Here is how you can perform the kneeling landmine press variation:

  • Kneel in a lunge position in front of the landmine barbell.
  • Lift the barbell to shoulder level.
  • Start the landmine press rep by slowly pushing the barbell upward as far as your arm will extend.
  • Bring the barbell down to shoulder level in a slow and controlled motion.

Alternating Shoulder Landmine Press

The alternating shoulder variation consists of switching hands for each rep. Switching hands will engage your core further and can make the exercise feel more challenging.

Here’s how you can perform this variation:

  • Perform a regular single-hand landmine press.
  • When you bring the barbell back down to shoulder level, grab it with the other hand.
  • You can add a small circular motion to switch the barbell to the other shoulder over your head, or simply take a step back and move the barbell to the other side.

Landmine Twist

The landmine twist is a variation that will engage your core and help improve your mobility. It’s more challenging than a regular landmine press and can be a good option if you’re developing a HIIT workout plan.

You’ll need to use both hands to lift the barbell for this variation:

  • Stand up in front of the landmine barbell in a neutral position.
  • Grab the extremity of the barbell with both hands and lift it above your head.
  • While twisting your upper body to the side, bring the barbell down in a circular motion. The extremity should be at the same level as your hip.
  • While twisting your upper body to face forward, raise the barbell above your head in a circular motion.
  • Repeat the movement on the other side.

Clean and Press Landmine Variation

Make the landmine press more challenging by introducing a clean movement.
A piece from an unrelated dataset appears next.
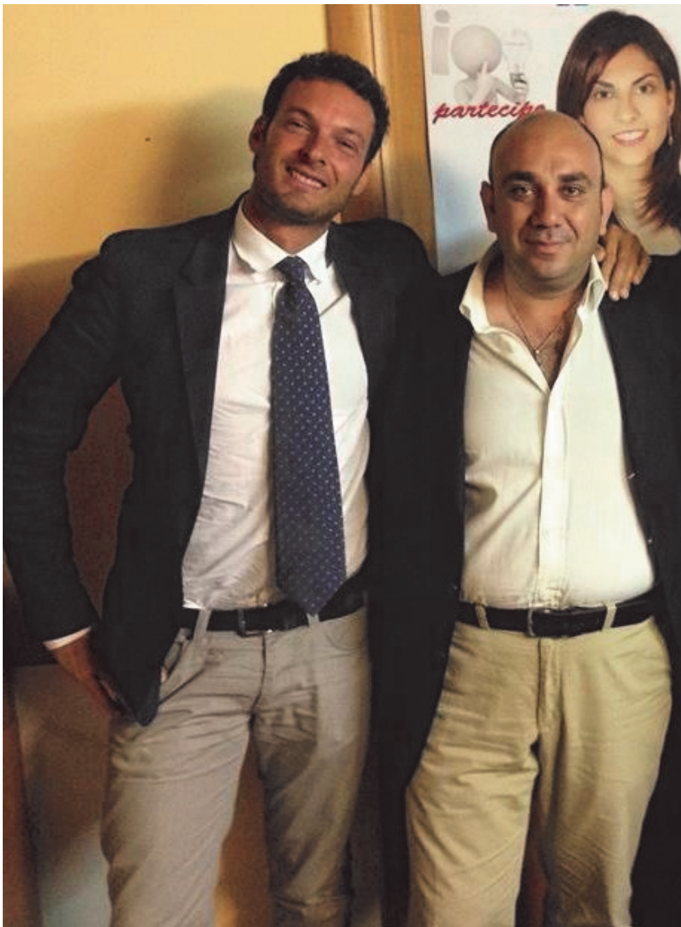
riqualificazione del Viale Tisia e Via Pitia, lo spostamento della caserma dei vigili urbani in via Algeri con riqualificazione delle

Scriviamo il 7 giugno scorso: Revocato il decreto di finanziamento Cipe che prevedeva fondi per la riqualificazione e il recupero di Siracusa. Con decreto 001086 del 5 giugno scorso infatti, la Regione ha revocato il finanziamento di sette milioni e mezzo per il comune di Siracusa. Se non è un colpo mortale per la città poco ci manca. La responsabilità è esclusiva della Garozzo Band e del sindaco e vicesindaco in prima persona visto che la revoca avviene dopo ben 5 solleciti al Comune dell'assessorato alle infrastrutture della Regione che sono stati ignorati. Insomma, per colpa evidente, questi signori hanno tolto alla città sette milioni e mezzo per asfaltare strade e ridare dignità alle periferie e dare anche uno sbocco occupazionale non indifferente. Scriveva Giancarlo Garozzo il 7 marzo 2017: "Approvata dal governo nazionale la delibera cipe, per la riqualificazione delle periferie, in arrivo a Siracusa svariati milioni di euro tra i vari progetti finanziati la

Lowering the barbell to the ground turns the exercise into a full-body workout.

Here’s how you can perform the clean and press variation:

  • Start with the barbell on the ground. Adopt a squatting position to grab the barbell.
  • Bring it to shoulder level and wait a few seconds.
  • Push upward to lift the barbell above your head.
  • Lower it back down to shoulder level before going back to the squatting position and lowering it slowly to the ground.

You can add some variety to your workout routine by performing a one-hand or two-hand version of the landmine clean and press. You can also adopt a kneeling position if you want to avoid squatting.

For an additional challenge that will engage your entire body, do a burpee or pushup every time you lower the barbell back to the ground.

Landmine Press: Lighter Weight, Faster Reps

Focusing on lifting heavy weights will help you gain muscle mass. On the other hand, performing faster reps with lighter weights will produce lean muscles with an elongated shape.

This approach can improve speed and mobility. Performing faster reps can also turn your weightlifting session into something resembling a cardio or HIIT workout while introducing some resistance training.

You can turn the landmine press into a fast-paced exercise that gets your heart pumping by using a small weight or by lifting the barbell by itself.  

While speed can help boost your fitness level, you should find the right pace to avoid overuse injuries.

If you want to develop an entire workout based on light weights and fast reps, you can perform the variations listed above with light weights or just the barbell.

Wrap Up

Adding a few landmine exercises to your weightlifting routine is a great way to challenge yourself while reducing the risks associated with lifting weights. The landmine press is one of the core exercises to keep coming back to when working out with a landmine barbell. Learn how to perform it well and try the different variations to keep challenging yourself and keep yourself motivated.